What you should do — Give exactly the lines from the one with "Somerset Council in" through the final line of the listing below, both included, leaving out any pictures.

────────────────────

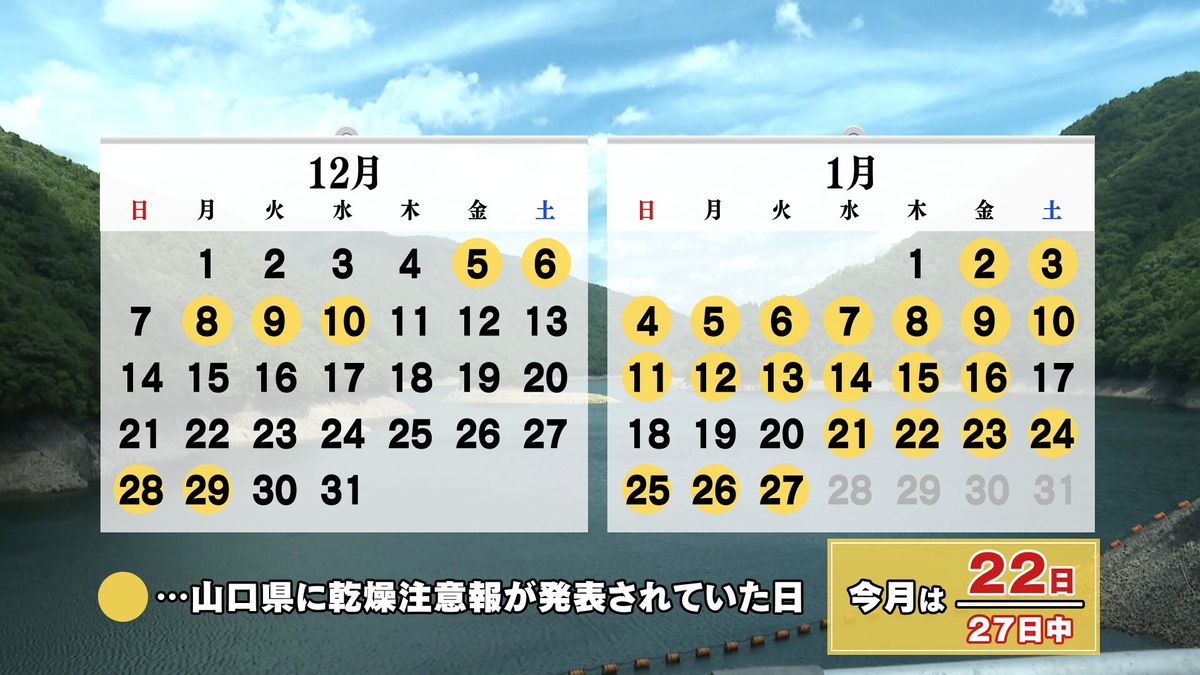 県内を含む西日本は、九州や太平洋側、そして瀬戸内側を中心に、秋の終わりから極端に雨が少ない状態が続いていて、特に最近1か月の降水量は平年の1割程度しかない所も、県内では多くなっています。この少雨の中で、防府市や周南市を中心に生活用水などを供給する佐波川ダムと島地川ダムでは、ダムの貯水率が低下したことで、きのう26日(月)から生活用水、工業用水、農業用水のいずれも一律で10パーセントの取水制限を開始しました。
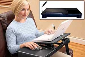 Во-вторых, ваш новый столик может быть из прочного пластика с металлическими стойками, просто пластиковым (часто с вентиляторами для охлаждения аккумулятора ПК), металлическими (чаще алюминиевыми) и реже деревянными. Многие такие подставки используют еще и для подачи завтрака в постель. Однако сами производители не рекомендуют это делать, поскольку жир, который может остаться на поверхности, попросту выведет ваш компьютер из строя.
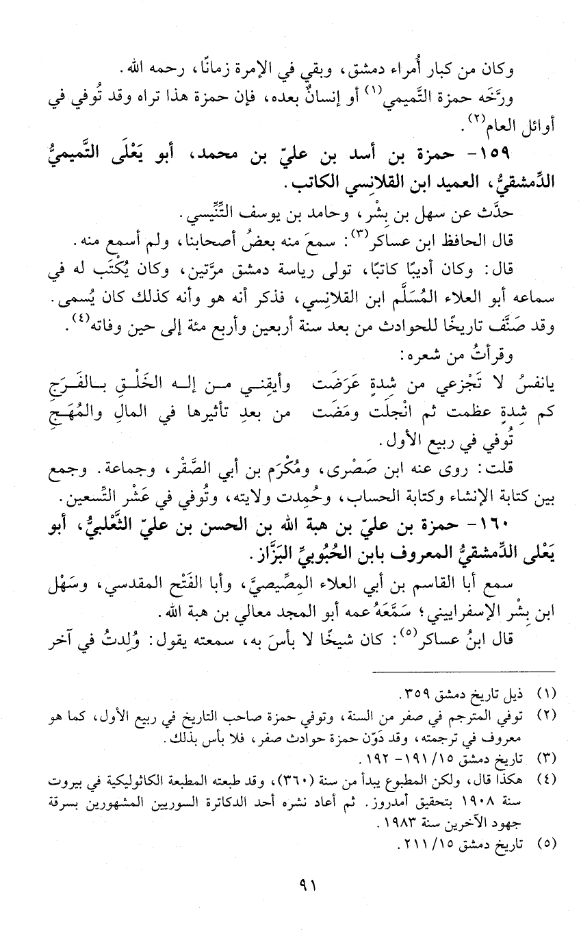 159 - حمزة بْن أسد بْن عليّ بْن مُحَمَّد، أبو يعلى التميمي، الدمشقي، العميد ابن القلانِسِيّ، الكاتب. [المتوفى: 555 هـ]
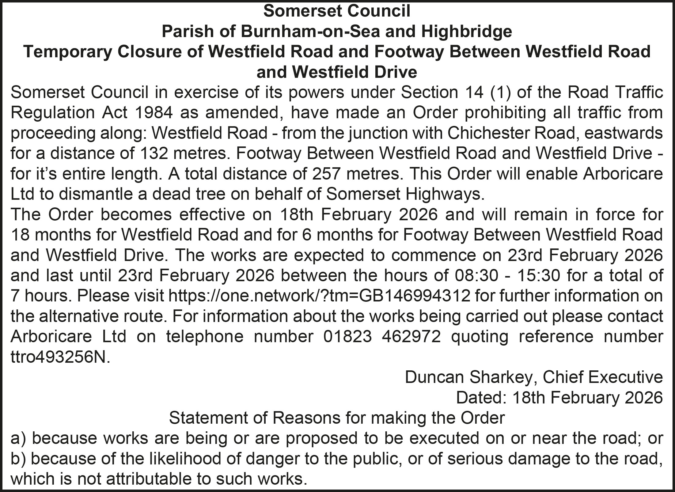 Somerset Council in exercise of its powers under Section 14 (1) of the Road Traffic Regulation Act 1984 as amended, have made an Order prohibiting all traffic from proceeding along: Westfield Road – from the junction with Chichester Road, eastwards for a distance of 132 metres. Footway Between Westfield Road and Westfield Drive – for it’s entire length. A total distance of 257 metres. This Order will enable Arboricare Ltd to dismantle a dead tree on behalf of Somerset Highways.
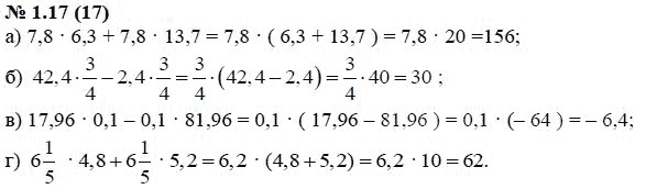 Решения домашних заданий по алгебре 7 класс Мордкович А.Г. 1.17(17) упражнение

────────────────────

Task response —
 Somerset Council in exercise of its powers under Section 14 (1) of the Road Traffic Regulation Act 1984 as amended, have made an Order prohibiting all traffic from proceeding along: Westfield Road – from the junction with Chichester Road, eastwards for a distance of 132 metres. Footway Between Westfield Road and Westfield Drive – for it’s entire length. A total distance of 257 metres. This Order will enable Arboricare Ltd to dismantle a dead tree on behalf of Somerset Highways.
 Решения домашних заданий по алгебре 7 класс Мордкович А.Г. 1.17(17) упражнение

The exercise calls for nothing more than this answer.